Thanks, Kyle. We are delivering on the promises we've made. Our relentless focus on execution and disciplined capital allocation are driving growth in our MRD business with a clear path to profitability while we continue to advance our targeted Immune Medicine programs. With that, I'd like to turn it back over to the operator and open it up for questions.

[Operator Instructions] Our first question comes from Dan Brennan with TD Cowen.

Maybe the first one just on the final gapfill price. So in terms of the $1,300 realized price that now you're targeting for 2025, can you just give us a sense of kind of what you're assuming there? And maybe what's like a range of outcomes if you're more or less successful in converting some of these commercial contracts over to the higher price?

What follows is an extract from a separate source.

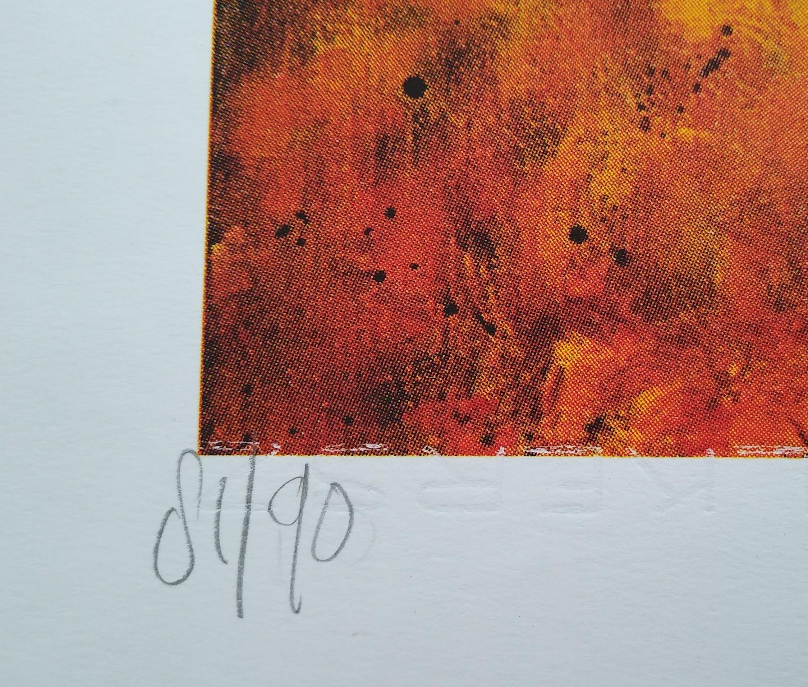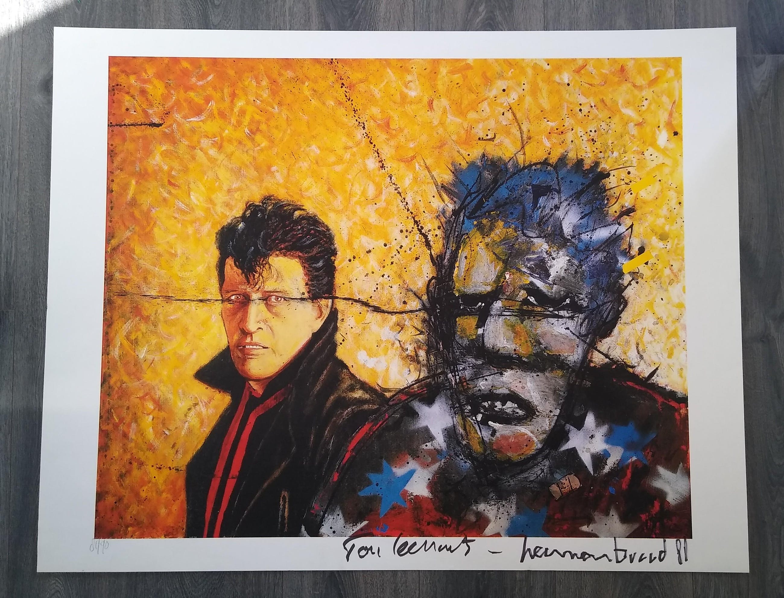 Uniek, door beide kunstenaars persoonlijk ondertekend werk op groot formaat van 100 x 78 cm.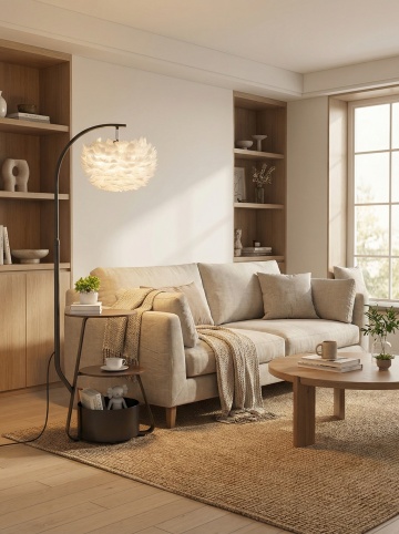 明亮柔和的自然光洒满整个空间,采用极简北欧风格设计,以米白色、浅木色和原木色为主色调,温暖而治愈的氛围。画面中展示的是一个变换了不同家具环境的客厅,整体构图保持对称美学与开放式布局,光线从左侧窗户斜射进来,在浅色木地板和条纹地毯上形成清晰的光影层次。墙上挂着两幅简约线条的植物装饰画,搭配原木边框。左侧有一盏弧形黄铜落地灯,灯光柔和,旁边摆放着一盆绿植。中央是一张浅灰色布艺沙发,搭配几个不同纹理的浅色系靠垫,沙发前是一张原木色茶几,上面整齐摆放着几本书籍和一个小巧的陶瓷花瓶。整体画面质感细腻,线条简洁流畅,空间通透,营造出舒适、宁静且温馨的居家氛围。

I'll start with that and Kyle, feel free to kind of jump in here. So first, I just want to say, we're extremely pleased to see close to a $300 increase in the gapfill price in terms of kind of what that means for the long term margin profile of the business. This will take some time to kind of bleed in. And so let me just explain what that means. So of the fee-for-service Medicare, it's about 20%. 37% Medicare overall fee-for-service is about 20%. We'll see kind of that impact more immediately for new Medicare patients. For commercial payers, we expect to renegotiate with contracted payers at a higher rate and bring uncontracted patients on sooner, but some of that timing of that is more uncertain. But if you look at kind of overall, the 2023 average ASP of $1,050 and now increasing to $250 to an average price of $1,300 in 2025, which obviously means that at some point in 2025, we go above the $1,300 to average at $1,300. So $200 per test is driven by initiatives that we put in place to grow ASP this year, which includes what I mentioned the expansion of payer coverage, closure of contracts with some of the remaining large outstanding payers. And there's a ton of operational enhancements that we're doing that are going on right now. And we're shifting the test mix kind of away from -- or more away from Medicaid. In addition, kind of we expect -- anticipate that at least $50 plus per test on average during 2025 will come from this new gapfill rate and how that kind of works through the variety of different payers. So we do believe -- I will put this out there, we do believe there is a potential for upside but we need to really assess the pace at which we can kind of impact the remaining payers.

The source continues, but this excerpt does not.